Brad Pitt stars in a scene from the movie "Ad Astra." The Motion Picture Association of America rating is PG-13 -- parents strongly cautioned. Some material may be inappropriate for children under 13. (CNS photo/Fox disney-owned)


by John Mulderig

Catholic News Service


NEW YORK (CNS) - The Latin motto from which the compelling sci-fi drama "Ad Astra" (Fox) takes its title assures us that, by persevering through difficulties, we can aspire to reach the stars.

                  So it's no surprise that this moody film's protagonist, astronaut Maj. Roy McBride (Brad Pitt), has a variety of challenges to face along his journey toward a possible re with his father, Clifford (Tommy Lee Jones).

                  A pioneer space traveler, Clifford disappeared 16 years before the near-future action of the film. He was commanding the Lima Project, an effort to search for extraterrestrial life from the outer boundaries of the solar system.

                  Now, with energy bursts from Neptune wreaking havoc on Earth and threatening the future of civilization, suspicion has arisen that Clifford - who has long been portrayed as a deceased hero -- may not only be alive but may, in fact, be the cause of these cosmic disturbances.

                  Dispatched to outer space to send Dad a message, Roy undergoes a series of testing adventures while brooding on his emotional isolation and inability to maintain relationships.
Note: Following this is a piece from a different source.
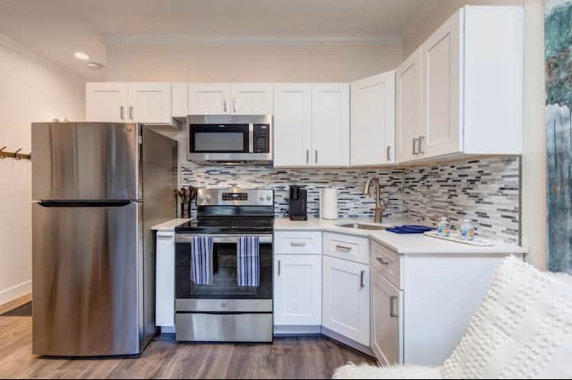 Keep it simple at this peaceful and centrally-located Condo. Has Super Comfortable King Bed and a Sleeper sofa for a 3rd guest. Comes with a Fridge, stove, Microwave, Keurig, Direct TV, Towels, and other amenities. Condo is located in a secured building with private parking. Several Restaurants within walking distance. Pool, Hot Tub, Laundry in Convention Center and now EV Charging. Rail Trail Right Outside The free bus line is right outside the building and they use the -MyStop - app.

He also ponders the conflicting evidence suggesting that Clifford was either a hero or a villain.

                  His uncertainty, which the audience shares, helps to maintain suspense. So, too, does the fact that the real purpose of having him communicate with Clifford is to enable the authorities to pinpoint the latter's location and launch a deadly attack against him. Roy understands this - and is, consequently, emotionally torn about his mission.

                  By turns an epic and an intimate character study, director and co-writer (with Ethan Gross) James Gray's thoughtfully crafted film evokes numerous classic stories, ranging from Homer's "Odyssey" and Joseph Conrad's "Heart of Darkness" to Herman Melville's "Moby-Dick." And that's not to mention the psychological implication of a son's quest that may prove fatal for his father.

                  Gray and Pitt capitalize on Roy's verbal reticence to make "Ad Astra" richly visual, Pitt's eyes at times communicating wordlessly but unmistakably what his character is experiencing. Such moments recall acting techniques that prevailed in the silent era.

                  The movie also features several brief scenes of distinctly Christian, Catholic-sounding prayer that will intrigue believers.

                  Refreshing in any Hollywood movie, but especially one populated by scientists and technicians, these indications of traditional spirituality imply that faith, in some form, is a given among them. Taken together with the overall artistic merit of "Ad Astra," these religious undertones may convince the parents of older teens to let them join the audience, despite the elements listed below.

                  The film contains some gory violence, a suicide, a couple of profanities, at least one use each of rough and crude language and an obscene gesture. The Catholic News Service classification is A-III - adults. The Motion Picture Association of America rating is PG-13 - parents strongly cautioned. Some material may be inappropriate for children under 13.